Get-VM -Location "<sourcehost>" | Move-VM -Destination (Get-Vmhost "<destinationhost>")
  • “sourcehost” being the next host you wish to upgrade, and the “destinationhost” being the one that was just upgraded.

9.  Once the host is fully evacuated, place the host in maintenance mode, and reboot it.

10. VMware provided us with a script that should ONLY be executed against NSX vib 6.2.4 hosts, and does the following:

  • Verifies the VIB version running on the host.
    For example: If the VIB version is between VIB_VERSION_LOW=3960641, VIB_VERSION_HIGH=4259819 then it is considered to be a host with VIB 6.2.3 and above.

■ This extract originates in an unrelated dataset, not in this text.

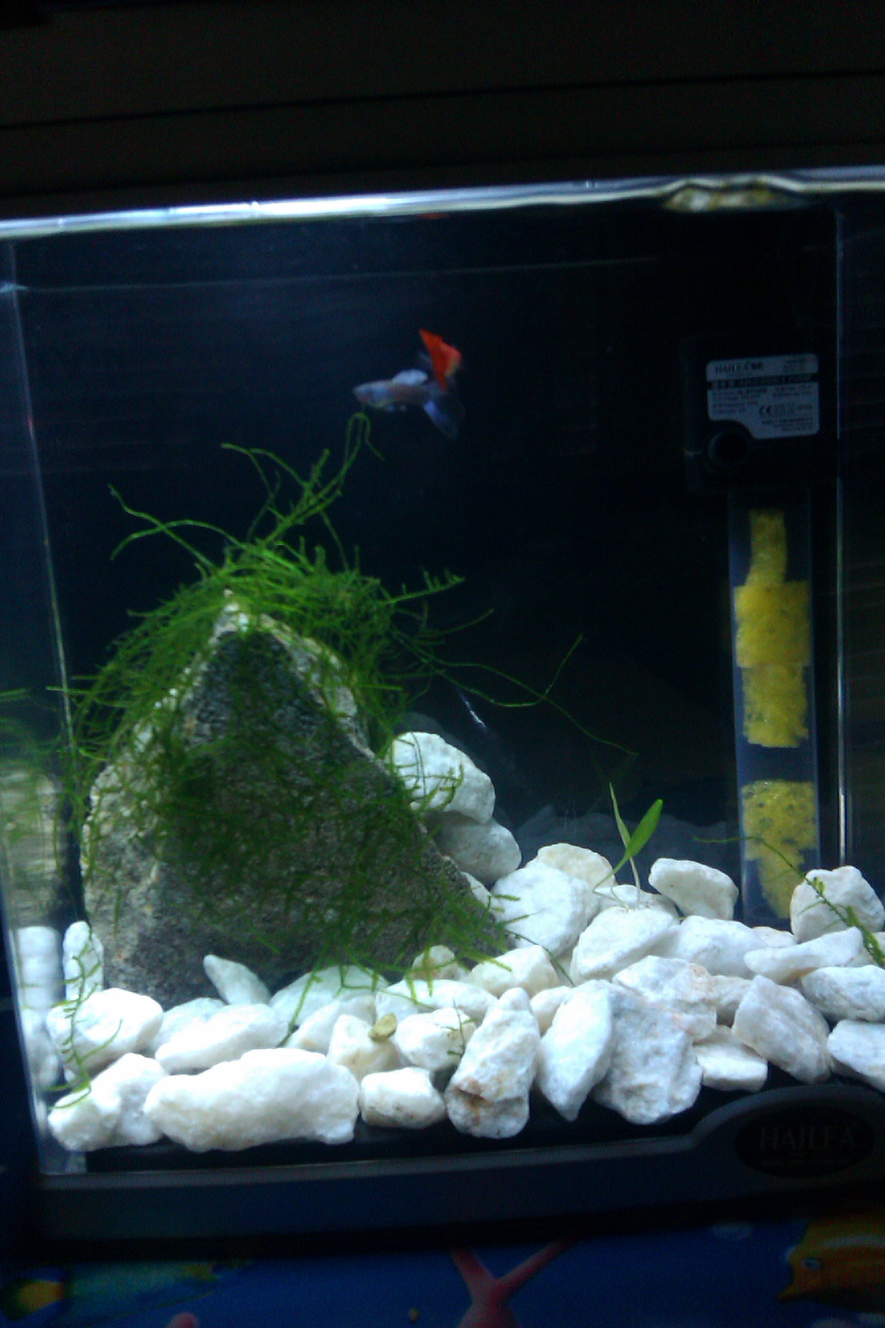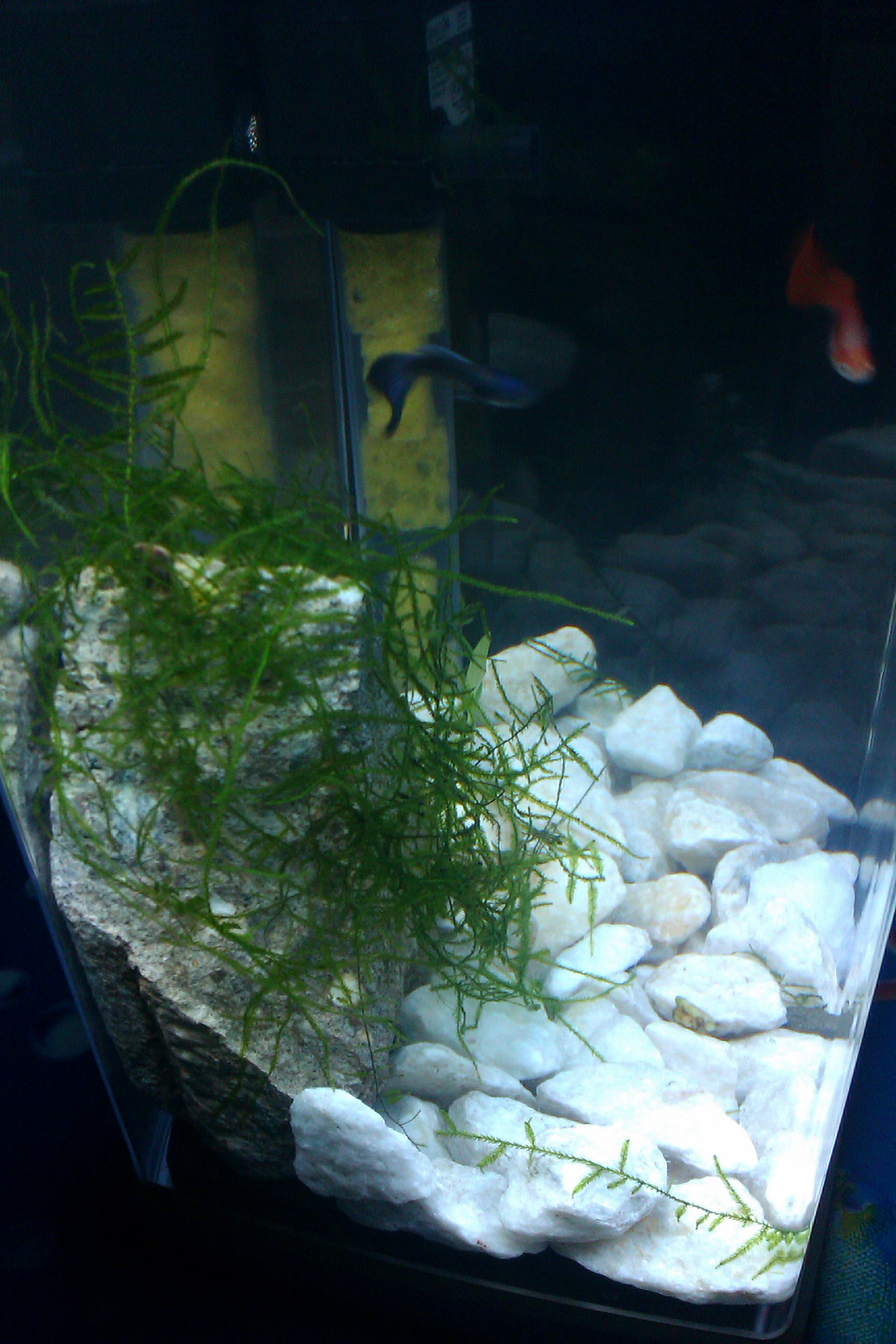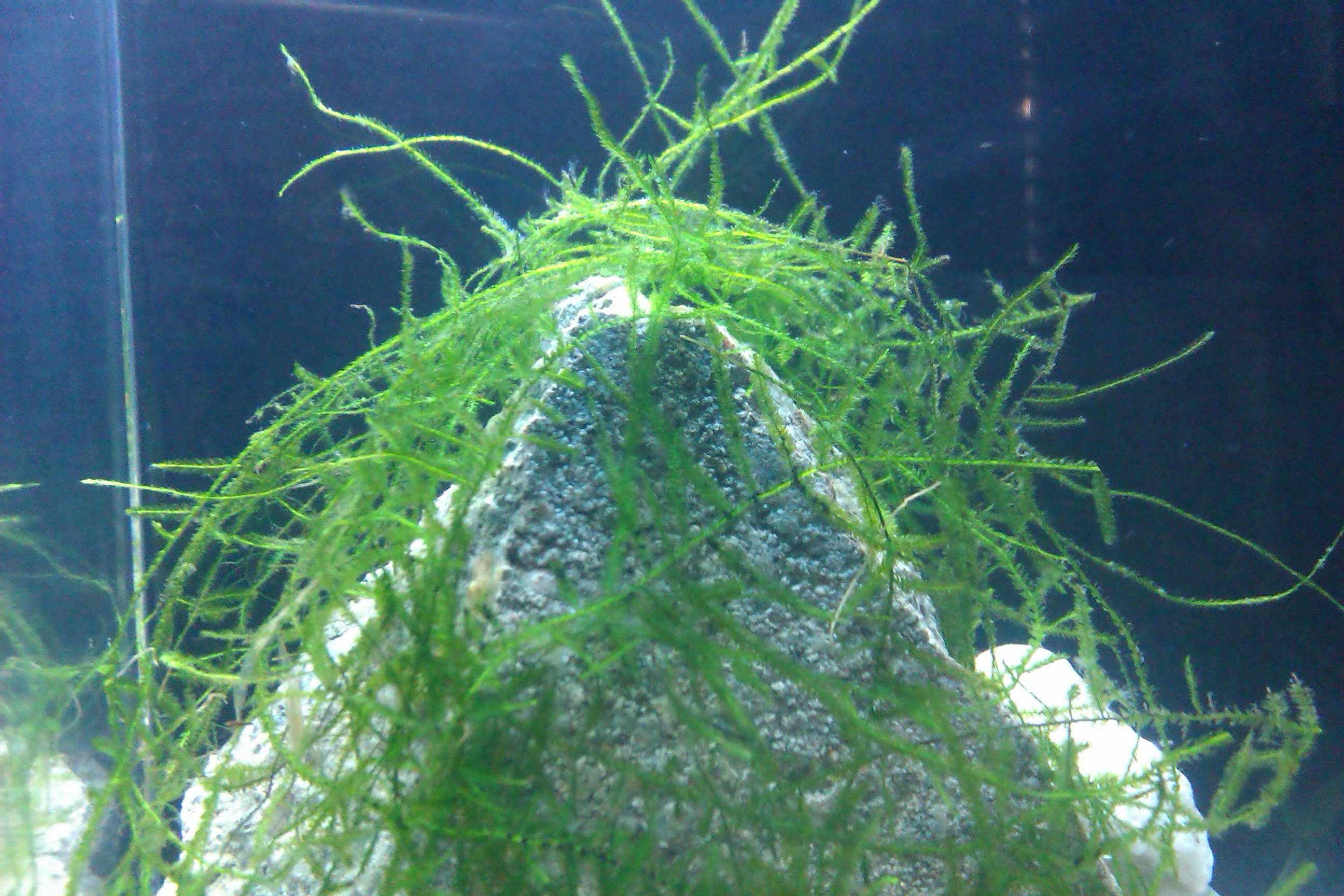 Търсих из Пловдив Анубиас нана и явански мъх или някакъв друг, но не намерих. От едно гаражче малко за рибки намерих някакъв мъх, който не знам какъв е, сложих го върху камъка като само леко го затиснах от едната страна с едно камъче и си стои там сега. Според мен се захваща защото като го донесох в него имаше заклещени 2 малки камъчета. Ще се радвам ако кажете какъв вид е.

Any other VIB version the script will fail with a warningCustomer needs to make sure that the script is executed against ALL virtual machines that have been upgraded since 6.1.x.
  • Once the script sets the export_version to 4, the version is persistent across reboots.
  • There is no harm if customer executes the script multiple times on the same host as only VMs that need modification will be modified.
  • Script should only be executed NSX-v 6.2.4 hosts

I have attached a ZIP file containg the script here:  fix_exportversion.zip

Script Usage

  • Copy the script to a common datastore accessible to all hosts and run the script on each host.
  • Log in to the 6.2.4 ESXi host via ssh or CONSOLE, where you intend to execute the script.
  • chmod u+x the files
  • Execute the script:
./vmfs/volumes/<Shared_Datastore>/fix_exportversion.sh /vmfs/volumes/<Shared_Datastore>/vsipioctl

 

Example output:

~ # /vmfs/volumes/NFS-101/fix_exportversion.sh /vmfs/volumes/NFS-101/vsipioctl
Fixed filter nic-39377-eth0-vmware-sfw.2 export version to 4.
Fixed filter nic-48385-eth0-vmware-sfw.2 export version to 4.
Filter nic-50077-eth0-vmware-sfw.2 already has export version 4.
Filter nic-52913-eth0-vmware-sfw.2 already has export version 4.
Filter nic-53498-eth0-vmware-sfw.2 has export version 3, no changes required.

Note: If the export version for any VM vNIC shows up as ‘2’, the script will modify the version to ‘4’ and does not modify other VMs where export version is not ‘2’.

11.  Repeat steps 5 – 10 on all hosts in the cluster until completion.  This script appears to be necessary as we have seen cases where a VM may still lose its NIC even if it is vmotioned from one NSX vib 6.2.4 host to another 6.2.4 host.

12. Once 6.2.4 host VIB installation is complete, and the script has been run against the hosts and virtual machines running on them, DRS can be set back to your desired setting like Fully automated for instance.

13.  Virtual machines should now be able to vmotion between hosts without losing their NICs.

  • This process was thoroughly tested in a vCloud Director cloud environment containing over 20,000 virtual machines, and on roughly 240 ESXi hosts without issue. vCenter environment was vCSA version 6u2, and ESXi version 6u2.